Karine Jean, psychiatre experte judiciaire près la Cour d’Appel de Paris, craint qu’une telle réforme puisse mener à une responsabilisation des patients psychotiques.  « Les choses iraient dans le sens d’une responsabilisation de la consommation de toxiques. Une personne psychotique stabilisée par un traitement, si elle consomme une substance et commet des faits, pourra être considérée comme responsable. »

Le problème, selon elle, est qu’une personne malade psychiquement « manque d’anticipation » face à ses actes. Il est donc souvent difficile de déterminer si celle-ci avait conscience qu’une consommation de stupéfiants allait la mener à commettre une infraction.

La médecin redoute ainsi que davantage d’individus ne se retrouvent jugés et emprisonnés, alors même que leur place se trouve en hôpital psychiatrique. « Je travaille à la prison de Fresnes depuis dix ans. Je vois déjà de plus en plus de psychotiques en prison, et cela va être pire avec cette loi. »

 

La réforme n’aurait pas changé l’issue de l’affaire Halimi

Yves Perrigueur, avocat pénaliste au barreau de Paris, partage les mêmes craintes. « Il faudrait les placer en hospitalisation d’office pour régler leurs problèmes de consommation de stupéfiants plutôt qu’en prison, où il n’y a pas assez de moyens pour une aide psychologique suffisante. Il faut se donner les moyens de réussir à stopper la récidive de faits graves», estime l’avocat.

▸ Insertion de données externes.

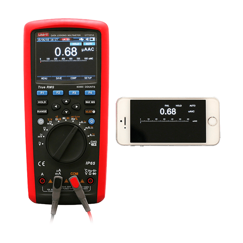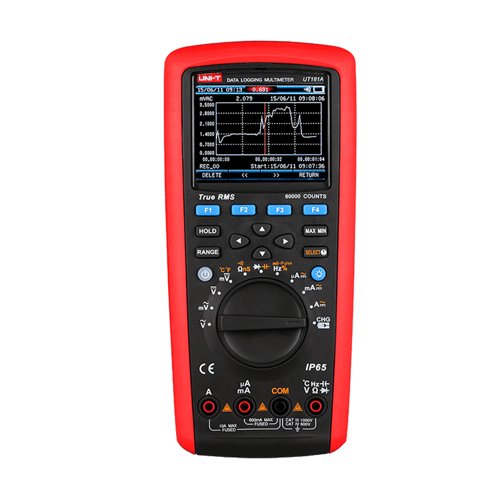 Multímetro de registo de dados True RMS – Ligação ao PC para descarga de dados – Medição AC/DC: a 1000V e 10A – Medição de Resistência, capacitância, condutância – Medição de frequência, temperatura, continuidade – Registo de dados e realização de gráficos

Celui-ci voit, par ailleurs, avant tout ce texte comme une réponse politique à l’emballement médiatique provoqué par le meurtre de Sarah Halimi.

« C’est dangereux, la justice cherche à s’immiscer dans un jugement médical de psychiatre, souligne-t-il. Alors qu’on part d’une affaire médiatique, dans un contexte particulier. »

D’autant qu’une telle réforme n’aurait pas changé l’issue de l’affaire qui l’inspire: il a été établi que le meurtrier, Kobili Traoré, n’avait pas conscience que sa consommation de stupéfiants le ferait passer à l’acte.